(Items from a dataset)

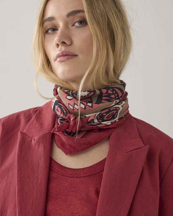 • 100% viscose satijn • Grafisch ornamentaal patroon • Vierkant model voor veelzijdig dragen • Warme roze en beige kleuren
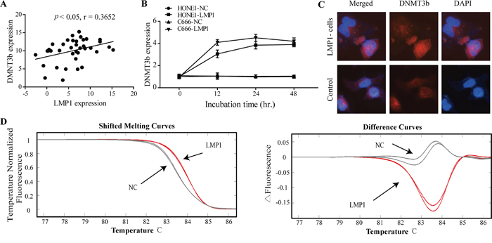 Figure 4: Activation of DNMT3b by EBV LMP1 induces the higher CpG island methylation intensity. A. A statistically significant positive correlation between LMP1 and DNMT3b mRNA expression levels in NPC specimens (Spearman's correlation analysis, r =0.365, P < 0.05). B. Quantitative real-time analysis of DNMT3b in EBV-negative NPC cells (C666 and HONE1), induced by transient transfection of LMP1 gene. C. Immunofluorescence (400X) was done to visualize the expression and nuclear accumulation of DNMT3b between control and LMP1 gene-transfected NPC cells. D. HRM results of the control and LMP1 gene-transfected NPC cells. Melting curves of the methylated NPC tissues as well as the corresponding difference curves are shown.
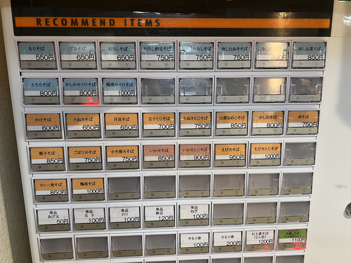 そして、確かに昼時人が集まってくる。行列店だ。券売機を見ると、もりそばが税込550円で一番高い鴨南そばは税込1000円。立ち食いそば価格の上位帯という感じである。そんなわけで、もりそばの中もり(100円)を注文してみたところ……
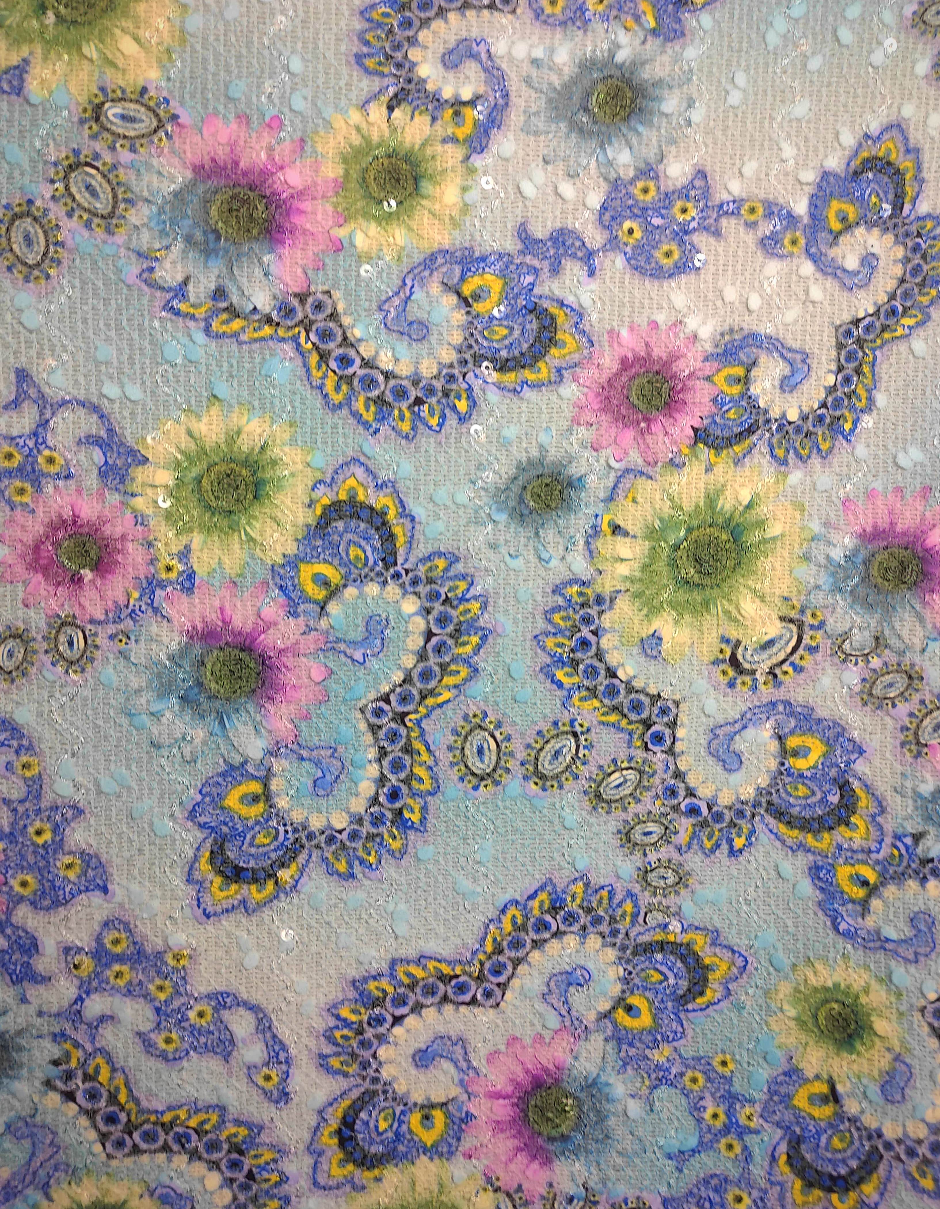 This is a beautiful lightweight partially see through woven zigzag fabric with printed floral pattern and a few sequins. Regular Size limited to only 9. Bambino Size is limited to only 10, Ankle Biter Size is limited to 2, Lil Nipper Size is limited to 2. No more will be made when they are gone.
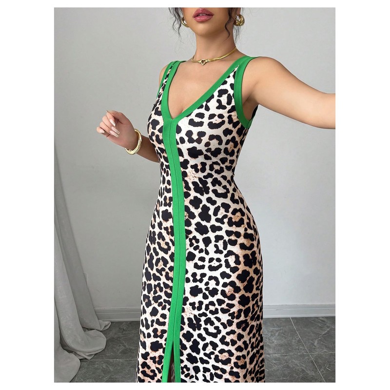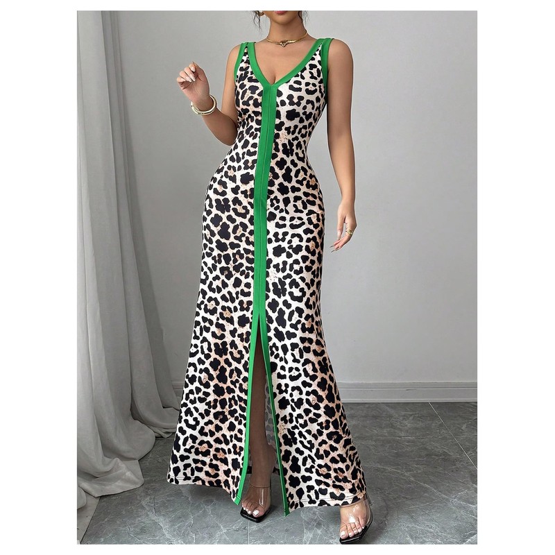 • Feature: Contrast binding, leopard print, v neck, sleeveless, split front, long maxi dress, tank dress, pencil bodycon dress, slim fit, fashionable
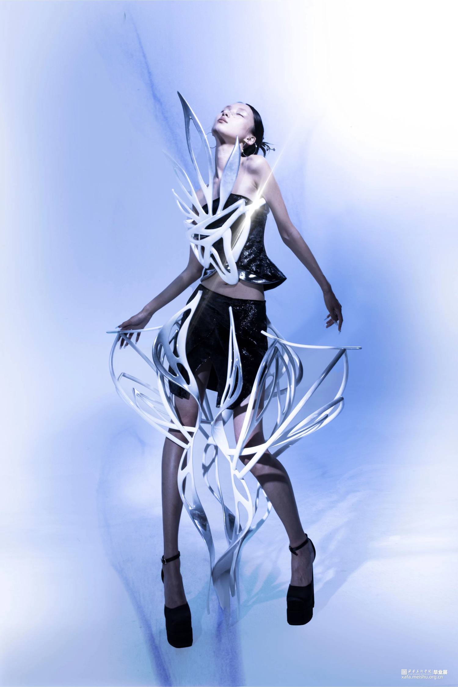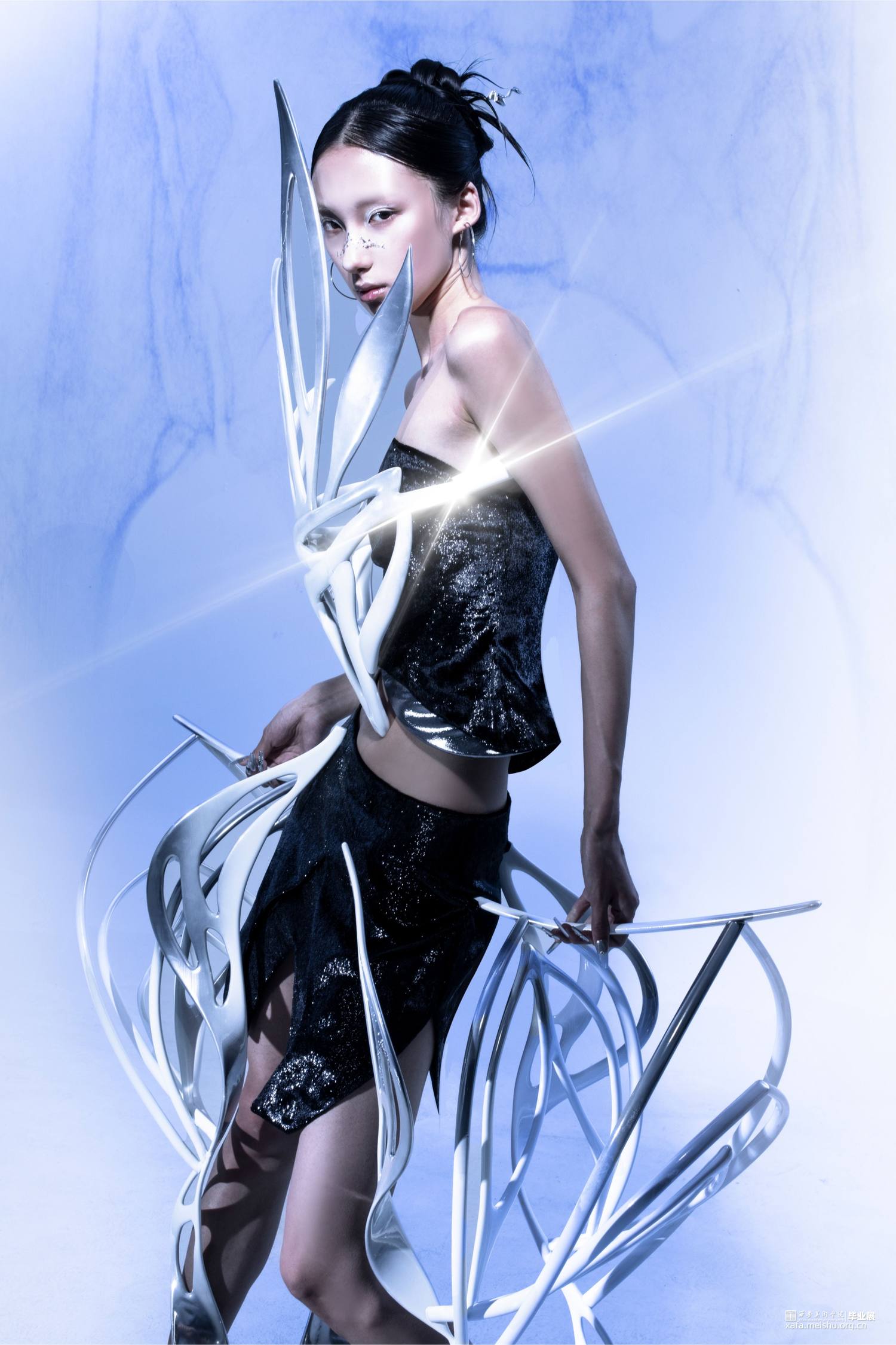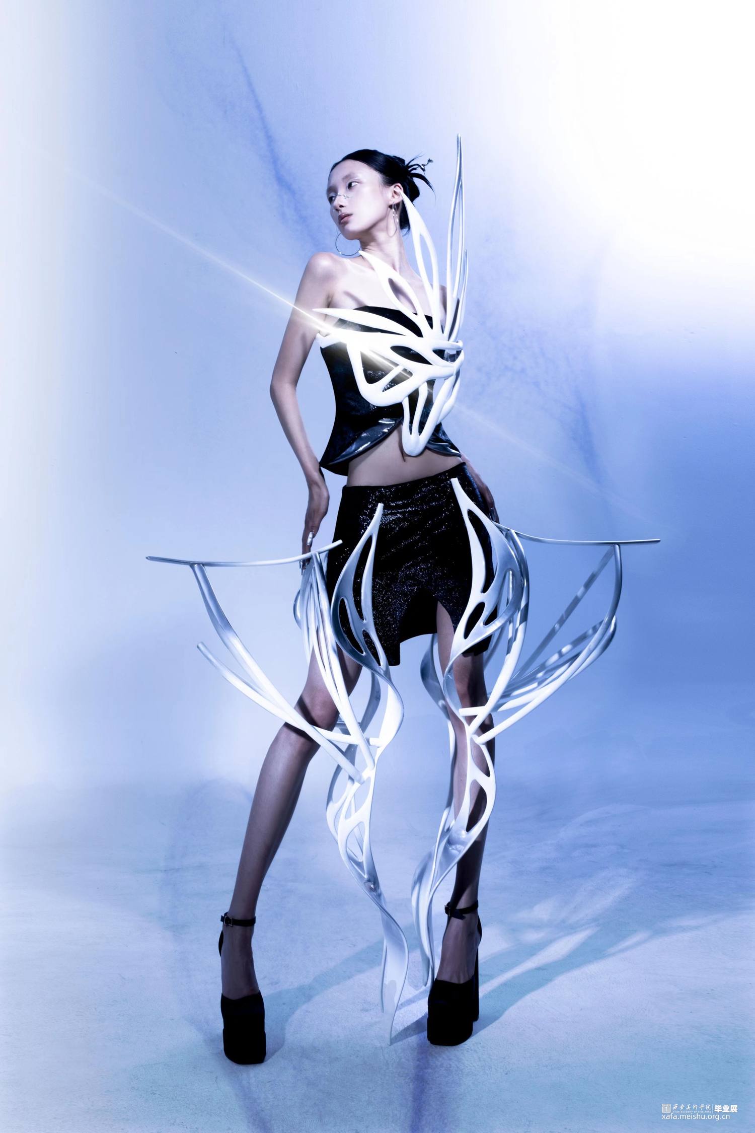 未来回响(“TOMORROW”)系列创意女装以旗袍作为廓形基础,保留剪裁、领型等个性鲜明的中国风要素特征,借助3D打印新型科技,以解构重组的设计手法表现“赛博朋克”风格。黑与银的色彩碰撞展现传统文化深沉厚重与未来世界神秘未知的碰撞。核心思想在于强调科技作为现代化技术手段,需利用其优势对传统文化进行保护与发扬,体现技术研究的意义与价值。

■ Problem to solve
Without copying any picture, repeat all of the entries exactly.

■ Result of the task
 • 100% viscose satijn • Grafisch ornamentaal patroon • Vierkant model voor veelzijdig dragen • Warme roze en beige kleuren
 Figure 4: Activation of DNMT3b by EBV LMP1 induces the higher CpG island methylation intensity. A. A statistically significant positive correlation between LMP1 and DNMT3b mRNA expression levels in NPC specimens (Spearman's correlation analysis, r =0.365, P < 0.05). B. Quantitative real-time analysis of DNMT3b in EBV-negative NPC cells (C666 and HONE1), induced by transient transfection of LMP1 gene. C. Immunofluorescence (400X) was done to visualize the expression and nuclear accumulation of DNMT3b between control and LMP1 gene-transfected NPC cells. D. HRM results of the control and LMP1 gene-transfected NPC cells. Melting curves of the methylated NPC tissues as well as the corresponding difference curves are shown.
 そして、確かに昼時人が集まってくる。行列店だ。券売機を見ると、もりそばが税込550円で一番高い鴨南そばは税込1000円。立ち食いそば価格の上位帯という感じである。そんなわけで、もりそばの中もり(100円)を注文してみたところ……
 This is a beautiful lightweight partially see through woven zigzag fabric with printed floral pattern and a few sequins. Regular Size limited to only 9. Bambino Size is limited to only 10, Ankle Biter Size is limited to 2, Lil Nipper Size is limited to 2. No more will be made when they are gone.
 • Feature: Contrast binding, leopard print, v neck, sleeveless, split front, long maxi dress, tank dress, pencil bodycon dress, slim fit, fashionable
 未来回响(“TOMORROW”)系列创意女装以旗袍作为廓形基础,保留剪裁、领型等个性鲜明的中国风要素特征,借助3D打印新型科技,以解构重组的设计手法表现“赛博朋克”风格。黑与银的色彩碰撞展现传统文化深沉厚重与未来世界神秘未知的碰撞。核心思想在于强调科技作为现代化技术手段,需利用其优势对传统文化进行保护与发扬,体现技术研究的意义与价值。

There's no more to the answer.